可下一刻,陸洋又夾一筷子菜過來,「靳總貴人事多,自己都照顧不過來,想必也照顧不好師妹,來,多吃點,嘗嘗是不是原來的味道。」
「小寧,你臉色不太好,這藍莓山藥泥你一定喜歡,多吃一些。有什麼事也可以給錦陽哥打電話。」宋錦陽緊隨其後。

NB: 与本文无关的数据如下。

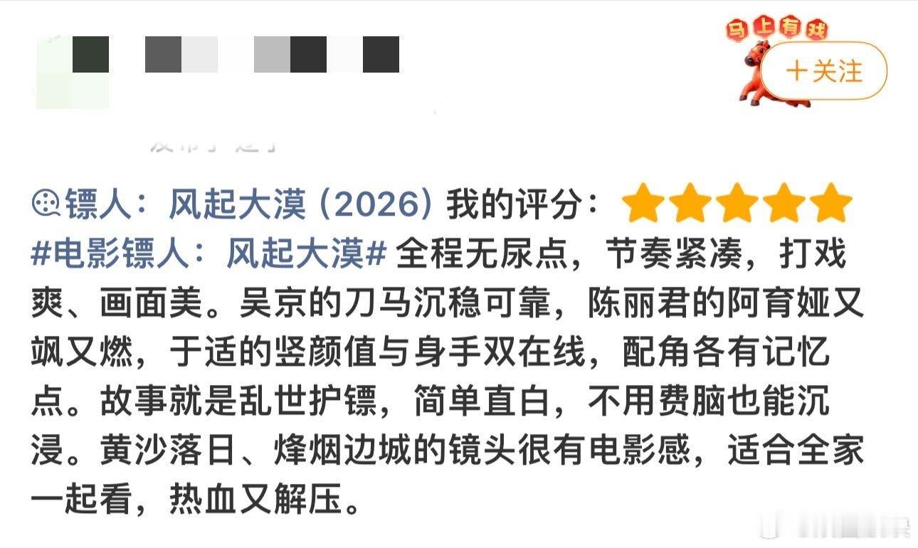 镖人如何用打戏征服合家观影受众《镖人》用大漠实景+拳拳到肉,动作戏酣畅淋漓;主线清晰+叙事稳,全家老小都没代沟。这波武侠力作,春节档稳了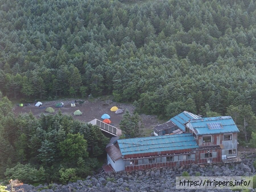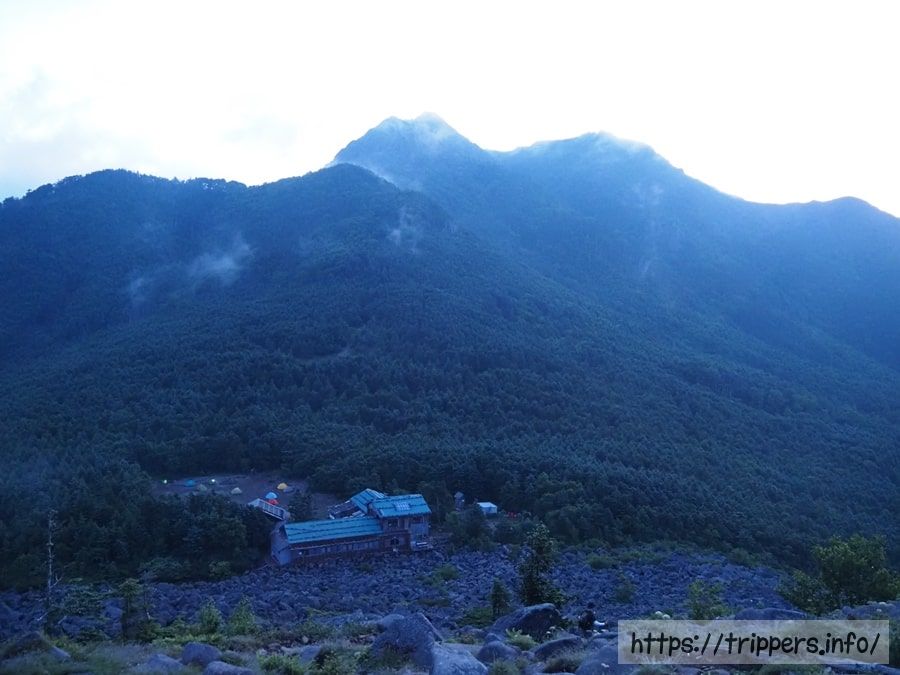 青年小屋とテント場です。もともとテントの数は少なかったですが、既にテントを撤収して権現岳へ向かった人もいるようです。

周以寧眼看著靳北宸的臉色變的深沉,默默地將他們夾來的菜扒楞到一邊,吃著靳北宸給她夾的菜。
這個小舉動成功取悅了靳北宸。
「陸醫生年紀也不小了吧?我和寧寧都結婚了,你這做師兄的可不能落後。」
說完他又看向宋錦陽,「錦陽你也是,再有幾個月我們的孩子都要出生了,你連老婆影都沒見到呢!」
靳北宸說著撫摸著周以寧的肚子。
「什麼?」
「什麼??」
陸洋和宋錦陽對視一眼,紛紛表示疑惑。
靳北宸故作詫異,「陸醫生不知道呀?也是我老婆說前三個月不能對外說。你們就當沒聽到吧!」
陸洋手中的筷子「啪」地掉在桌上,宋錦陽的瞳孔猛地收縮。
餐廳里瞬間安靜得能聽見中央空調的送風聲。
周以寧耳尖泛紅,在桌下悄悄掐靳北宸的手腕。
男人反手將她的小手包進掌心,指腹曖昧地摩挲她無名指的婚戒。
服務員恰在此時上甜點,水晶蝦餃的熱氣模糊了對面兩人鐵青的面容。
「小寧既然懷孕了,北宸你要照顧好她。對了,我表哥家那個月嫂我覺得不錯,等回頭我要了聯繫方式給北宸。」
宋錦陽畢竟和靳北宸同歲,比陸洋還是大了幾歲,自然穩重一些,並沒有很失態。
陸洋則是久久沒有開口,他心裡堵得慌。
談戀愛可以分手,結婚也可以離婚,但如果有了孩子,那就怎麼都牽扯不清了。
「師妹,我看你身體況狀不是很好,你的年紀還小,以後有都是機會要孩子。」
「啪」的一聲,靳北宸把筷子重重的摔在餐桌上。
「陸醫生什麼意思?」
「師兄你在說什麼?」
這句話從陸洋口中說出來太失分寸了,她確實不想留下這個孩子,但也是她自己的事。
非親非故,說出這麼一番話來,他是想證明什麼?
「抱歉!剛剛只是在想師妹最近受了打擊,身體虛弱。沒有別的意思。」陸洋也意識到自己失態,趕緊找補。
靳北宸已經在極力的剋制著心中的怒火,「老婆吃飽了嗎?」
周以寧看著盤子里堆積如山沒動的菜,還是說了句:「吃飽了。」
「錦陽,替我和寧寧陪陪陸醫生吃吧!我還有事,就帶寧寧走了。」
宋錦陽點點頭。無論怎樣,他和靳北宸都是兄弟。還輪不到一個小醫生在他們面前指手畫腳。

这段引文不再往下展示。